**Problem description:** Restate the entries word for word and skip every image.

**Items listed in a dataset:**
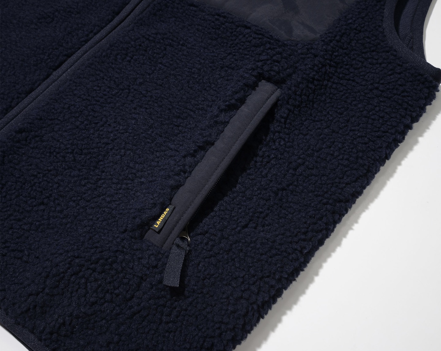 다양한 포켓과 꼼꼼한 마감으로 편하게 착용할 수 있는 렌더스 양털 플리스 조끼에요
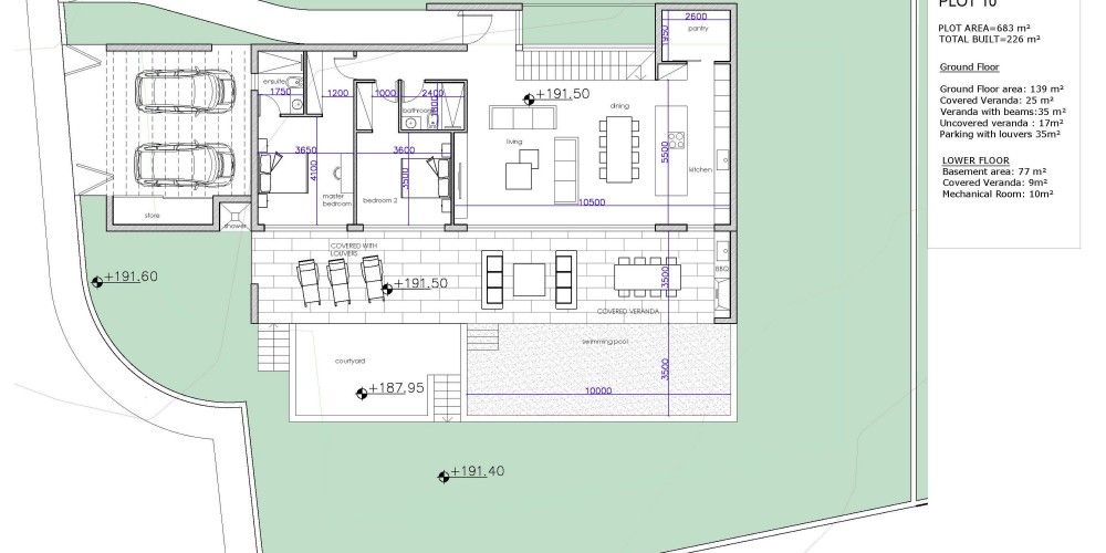 Prices include swimming pool, 10.1 kW photovoltaic system with solar panels, VRV for cooling, underfloor heating, alarm system, electric gate/charger. Furniture package from €50.000 + VAT.
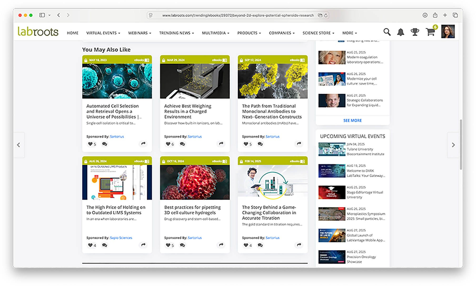 You provide the content (any desired copy and imagery) on our eBook Preferences Form, we turn it into something comprehensive and cohesive that will live on the Labroots site. It’s that simple!
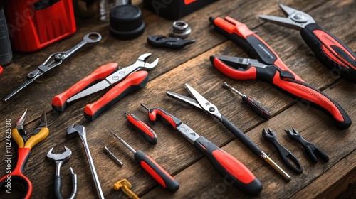 Variety of Hand Tools Arranged Neatly on a Rustic Wooden Table
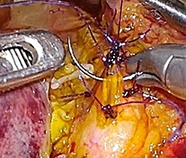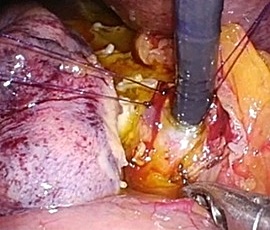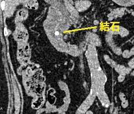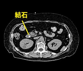 急性腹症にて救急受診。精査の結果、総胆管結石と診断。腹腔鏡下胆管切開結石除去術(胆嚢摘出術含む)を施行した。

**Answer to this problem:**
 다양한 포켓과 꼼꼼한 마감으로 편하게 착용할 수 있는 렌더스 양털 플리스 조끼에요
 Prices include swimming pool, 10.1 kW photovoltaic system with solar panels, VRV for cooling, underfloor heating, alarm system, electric gate/charger. Furniture package from €50.000 + VAT.
 You provide the content (any desired copy and imagery) on our eBook Preferences Form, we turn it into something comprehensive and cohesive that will live on the Labroots site. It’s that simple!
 Variety of Hand Tools Arranged Neatly on a Rustic Wooden Table
 急性腹症にて救急受診。精査の結果、総胆管結石と診断。腹腔鏡下胆管切開結石除去術(胆嚢摘出術含む)を施行した。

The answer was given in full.